このブログ投稿では、OCI  Network Firewallでこれらの機能の一部を使用して TLS/SSL 暗号化接続を検査し、侵入検知および防止システム (IDS および IPS) をトラフィック フローに適用する方法について説明します。



SSL/TLS トラフィック インスペクション

NGFW の主な用途の 1 つは、IDS および IPS 制御をトラフィックに適用することです。これには、SSL/TLS セキュアチャネルを介した暗号化されたトラフィックが含まれます。このタスクを実行するには、NGFW が SSL/TLS 暗号化トラフィックを復号化する必要があります。安全な暗号化チャネルを NGFW ソフトウェアで復号化できるというのは矛盾しているように思えます。ただし、NGFW は信頼できるデバイスとして、OCI 内のサーバーへの着信 SSL/TLS 接続を復号化して、リモート サーバーを「偽装」することで発信接続に接続するように構成できます。どちらもエンド ユーザーには透過的です。


入荷検査モード

このシナリオは、一般に、外部クライアントに公開される Web アプリケーションおよび HTTPS REST インターフェイスで使用されます。

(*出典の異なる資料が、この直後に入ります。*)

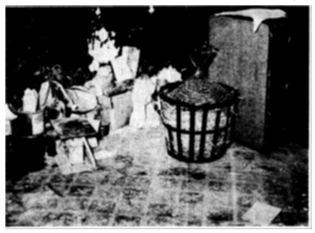
View right (carboy of distilled water) Angle droit (bonbonne d'eau distillée)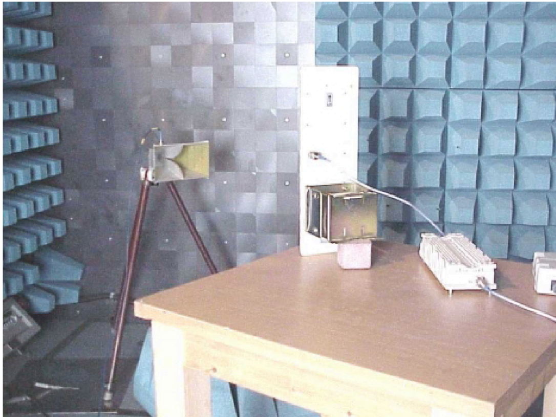
Photo #5 Radio unit with MTI sector antenna P/N MT-484025/NV. Spurious emission test

OCI Network Firewallは、ネットワークファイアウォールにインポートされたサーバーの証明書を使用して、クライアントからOCIのサーバーへのインバウンドSSL/TLSトラフィックを復号化し、検査します。ネットワークファイアウォールは、クライアントまたはサーバー間で使用されるマスターキー交換のタイプ (RSA または DHE/ECDHE) に基づいて、さまざまな復号化手法を適用します。


RSAベースの交換の場合、OCI Network Firewallは、SSL/TLS接続を終了せずにSSLインバウンド検査を実行します。サーバーのプレインストールされたX.509秘密鍵を使用して、OCI Network Firewallはマスター鍵交換を復号化および取得でき、クライアントとサーバー間でネゴシエートされた対称鍵を使用して後続の暗号化されたセッショントラフィックを復号化します。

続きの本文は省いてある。